● EXERCISE DIRECTIONS: Repeat each entry word for word. Leave any images out of the copy.

-- SOURCE INFORMATION follows --

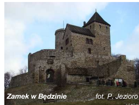
Zamek w Będzinie

Naszym następnym celem był Będzin - 60 - tysięczne miasto, położone na Wyżynie Śląskiej nad rzeką Czarną Przemszą. Zwiedzanie rozpoczęliśmy od zamku królewskiego wzniesionego w miejscu wcześniejszego wiślańskiego grodu na Górze Zamkowej. Najstarszym XIII w. elementem warowni jest cylindryczna wieża, do której w połowie XIV w. za panowania Kazimierza Wielkiego, dobudowano budynek mieszkalny, oraz dwa pierścienie murów, okalające niewielki dziedziniec, tworząc w ten sposób tzw. Zamek Górny. Następnie wzniesiono Zamek Dolny, którego mury łączyły się z kamiennymi murami otaczającymi całe miasto.
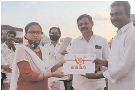
మైలవరం, (జనస్వరం) : మైలవరం నియోజకవర్గం జనసేన పార్టీలో క్రియాశీలక సభ్యత్వం వున్న కార్యకర్తలకు పార్టీ అండగా ఉండాలని దురదృష్టకరంగా ఎవరికి అయినా ప్రమాదం జరిగి ప్రాణాలు పోయిన
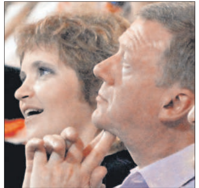
Анатолий Чубайс и режиссер Дуня Смирнова

О свадьбе главы "Роснано" Анатолия Чубайса и режиссера Дуни Смирновой пресса шумела еще полгода назад. И вот и пара впервые появилась на публике вместе. Анатолий Борисович прилетел на "Кинотавр" поддержать на конкурсном показе фильм жены "Кококо". Особых восторгов картина ни у кого не вызвала, но подобные мелочи не испортили молодому празднику. Тем более что Чубайсу срочно требовалось расслабиться после инструктажа в Бильдербергском клубе - периферийной структуре "мирового закулисья", куда его вызывали вместе с оголтелым оппозиционером Гарри Каспаровым. Ни один из фильмов конкурсной программы "Кинотавра" не вызывал такого ажиотажа, как "Кококо" Дуни Смирновой. Впрочем, актеры не скрывали истинного мотива. Всем хотелось воспользоваться случаем и постоять рядом с демонической личностью - Анатолием Чубайсом. "Ведь все их жалкие киноэкранные кривлянья и ужимки, вместе взятые, повлияли на судьбу страны в миллионы раз меньше, чем десяток его размашистых подписей", - комментирует "Экспресс газета".

-- SOURCE INFORMATION concluded --

● RESPONSE TO THIS EXERCISE:
Zamek w Będzinie

Naszym następnym celem był Będzin - 60 - tysięczne miasto, położone na Wyżynie Śląskiej nad rzeką Czarną Przemszą. Zwiedzanie rozpoczęliśmy od zamku królewskiego wzniesionego w miejscu wcześniejszego wiślańskiego grodu na Górze Zamkowej. Najstarszym XIII w. elementem warowni jest cylindryczna wieża, do której w połowie XIV w. za panowania Kazimierza Wielkiego, dobudowano budynek mieszkalny, oraz dwa pierścienie murów, okalające niewielki dziedziniec, tworząc w ten sposób tzw. Zamek Górny. Następnie wzniesiono Zamek Dolny, którego mury łączyły się z kamiennymi murami otaczającymi całe miasto.
మైలవరం, (జనస్వరం) : మైలవరం నియోజకవర్గం జనసేన పార్టీలో క్రియాశీలక సభ్యత్వం వున్న కార్యకర్తలకు పార్టీ అండగా ఉండాలని దురదృష్టకరంగా ఎవరికి అయినా ప్రమాదం జరిగి ప్రాణాలు పోయిన
Анатолий Чубайс и режиссер Дуня Смирнова

О свадьбе главы "Роснано" Анатолия Чубайса и режиссера Дуни Смирновой пресса шумела еще полгода назад. И вот и пара впервые появилась на публике вместе. Анатолий Борисович прилетел на "Кинотавр" поддержать на конкурсном показе фильм жены "Кококо". Особых восторгов картина ни у кого не вызвала, но подобные мелочи не испортили молодому празднику. Тем более что Чубайсу срочно требовалось расслабиться после инструктажа в Бильдербергском клубе - периферийной структуре "мирового закулисья", куда его вызывали вместе с оголтелым оппозиционером Гарри Каспаровым. Ни один из фильмов конкурсной программы "Кинотавра" не вызывал такого ажиотажа, как "Кококо" Дуни Смирновой. Впрочем, актеры не скрывали истинного мотива. Всем хотелось воспользоваться случаем и постоять рядом с демонической личностью - Анатолием Чубайсом. "Ведь все их жалкие киноэкранные кривлянья и ужимки, вместе взятые, повлияли на судьбу страны в миллионы раз меньше, чем десяток его размашистых подписей", - комментирует "Экспресс газета".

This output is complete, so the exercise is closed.